Une histoire de famille.
Jayos,
Je connais ton nom, tu connais le mien, nous avons été élevés ensemble. Par contre, je ne me souviens plus du tout de celui de ton collègue qui passa avec toi la porte de la chambre de la maternité le lendemain de la naissance de ta nièce.
Tu me l’as présenté et sa radio a crépité. Il est sorti répondre à l’appel dans le couloir puis est revenu quelques instants plus tard. Il te regarda et te fit signe qu’il n’y avait « rien d’important ». Entra alors une aide-soignante pour une raison que j’ai oubliée et qui, avant de sortir lança un « Tout va bien Madame ? » « Oui, merci. »
Votre visite fut ponctuée ainsi par les allers-retours de ton collègue répondant à la radio dans le couloir et de ceux du personnel hospitalier me posant toujours la même question : « Vous avez besoin de quelque chose? » « Si vous avez besoin appelez-nous. » etc…
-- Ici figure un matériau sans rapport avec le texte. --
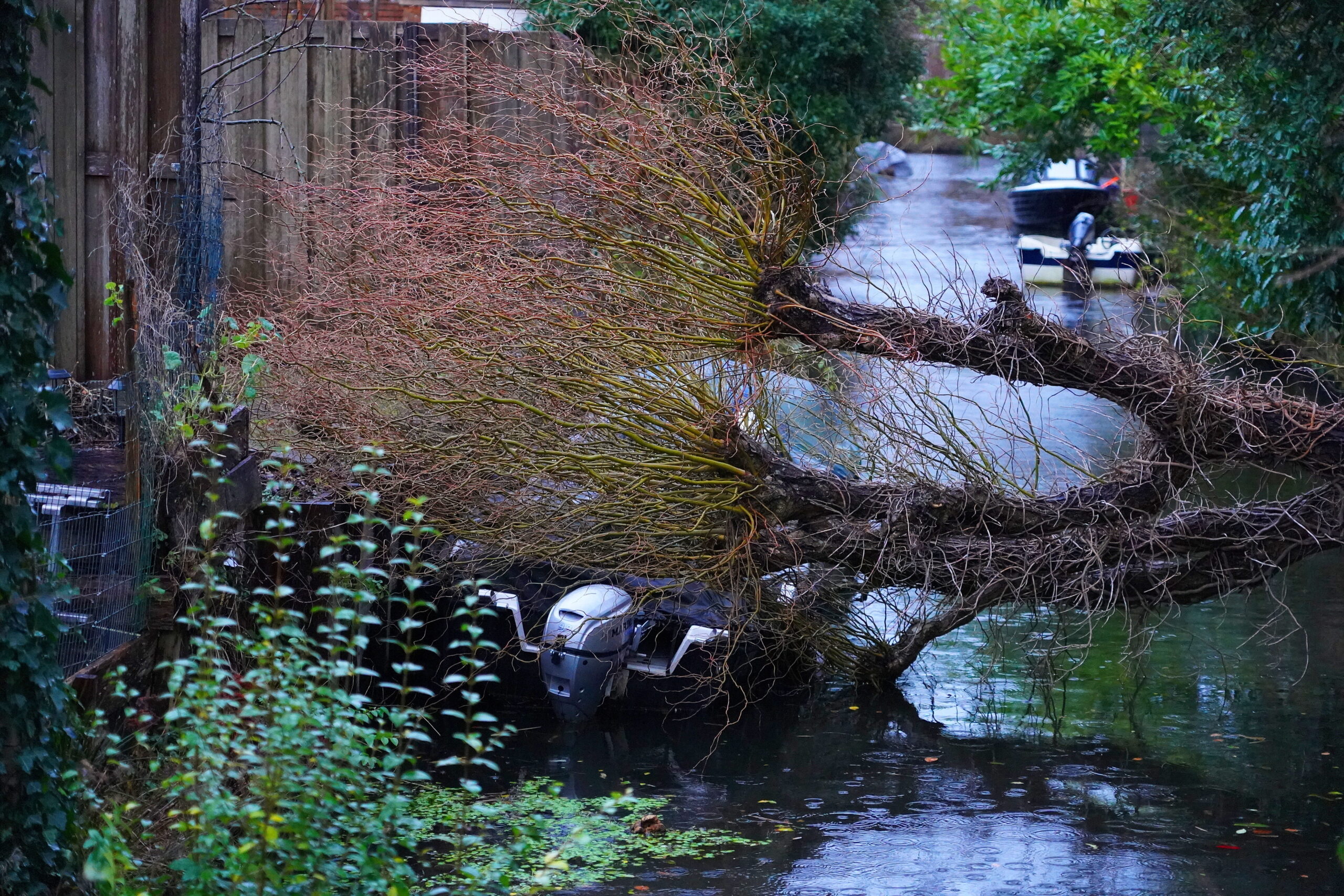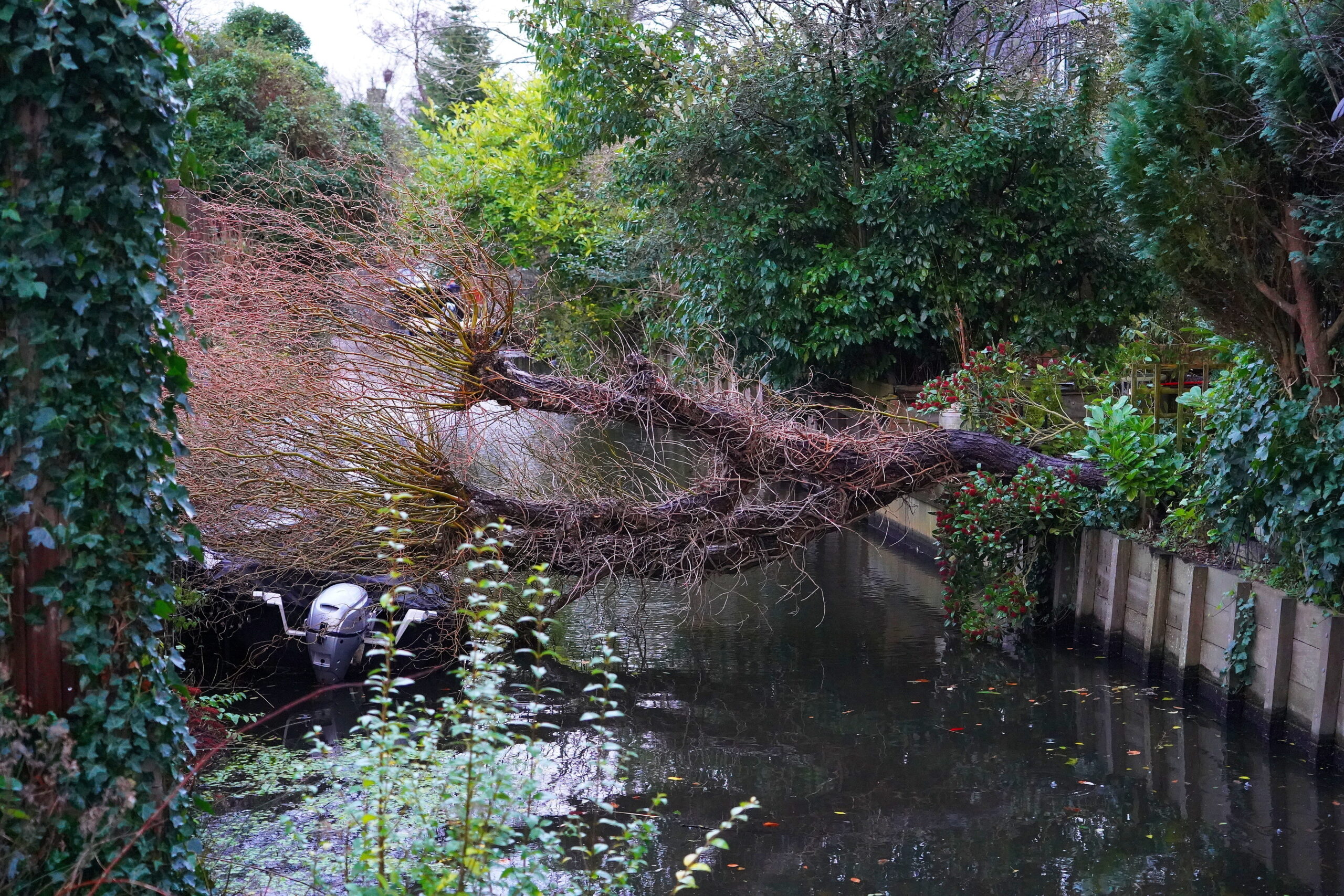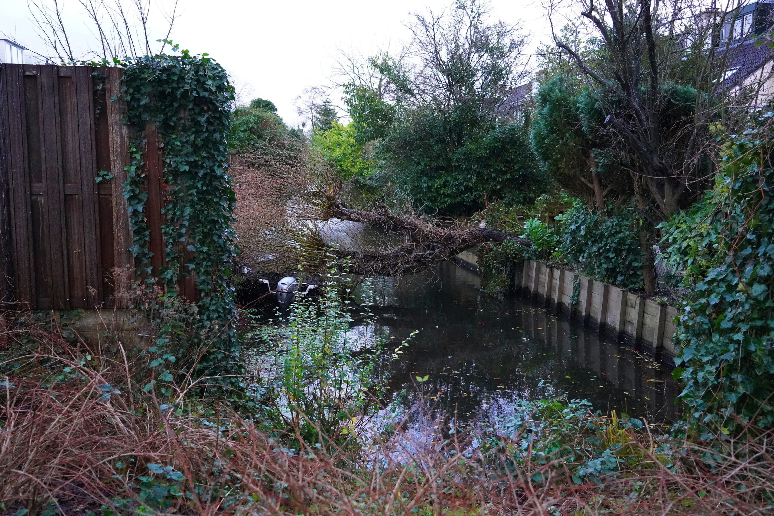 Storm Floriane hield maandagmiddag flink huis in heel Nederland. Zo ook in Oegstgeest waar rond 16.30 uur een boom omwaaide. De kronkelwilg viel vanuit de tuin van een huis aan de Eduard Flipseweg in de sloot die erachter loopt. De boom kwam hierbij vol op een bootje terecht dat in de sloot ligt.
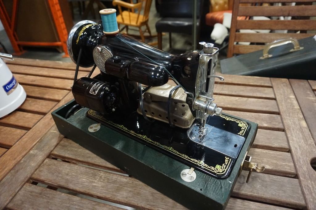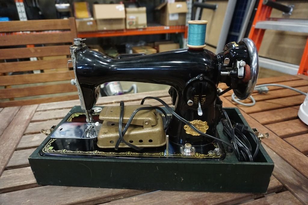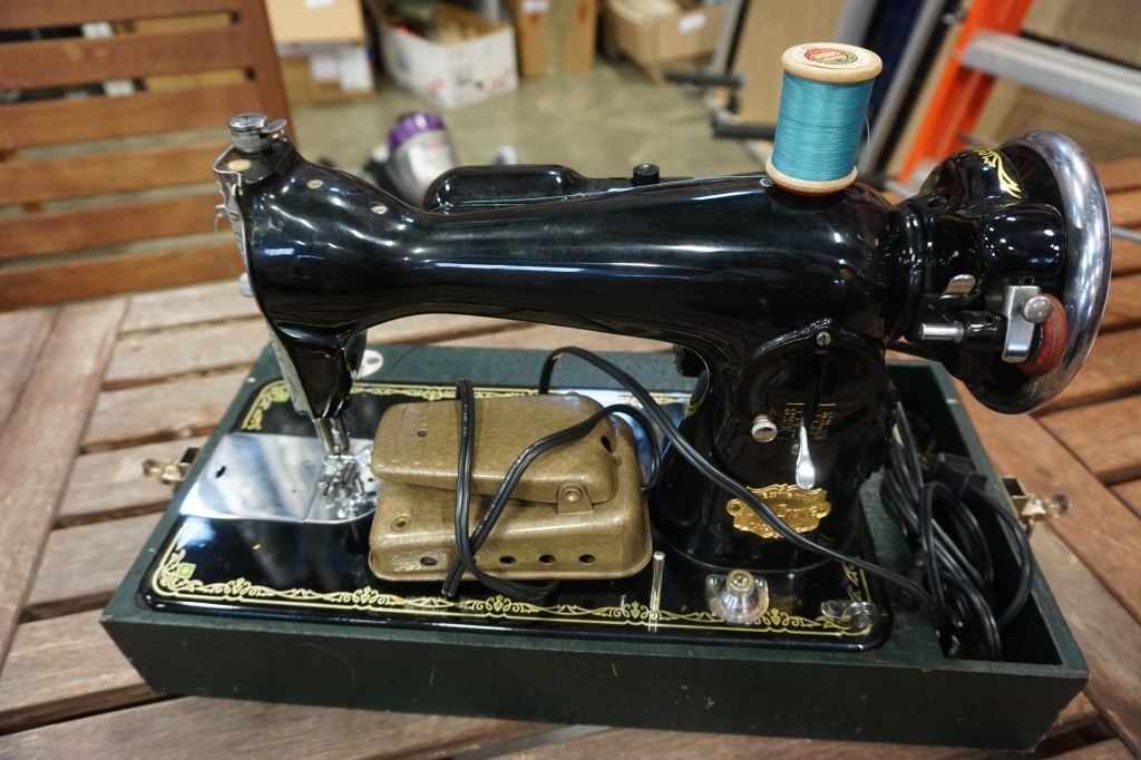DELUXE VINTAGE SEWING MACHINE IN CASE - TESTED WORKING

Au bout de quinze ou vingt minutes, de retour dans la chambre, ton collègue t’a dit « là faut y aller ». Vous n’étiez pas sitôt partis que le médecin et l’infirmière de garde entraient. « Tout va bien ? » me demanda le doc, « Oui » répondis-je ne comprenant pas vraiment pourquoi il étaient là. Ils se sont regardés l’air embêtés « Vous êtes sûre ? Parce que votre dernière visite… »
Et là j’ai compris. « Oui ! Mais non ! L’un d’eux est mon frère, il est venu voir sa nièce !!! » Soupir des deux. « Excusez nous mais on a cru que… »
Il est vrai que deux policiers en uniforme dans une maternité, ça ne devait pas être très courant. L'un qui rend compte à la radio, l'autre qui reste dans la chambre. Ils avaient cru... Ils avaient cru plein de choses.
Voilà comment, pendant un gros quart d’heure, grâce à toi, je suis passée pour une personne peu fréquentable et recherchée aux yeux de tout le service de maternité.
Bien à toi, mon frère, merci pour ce grand moment de solitude.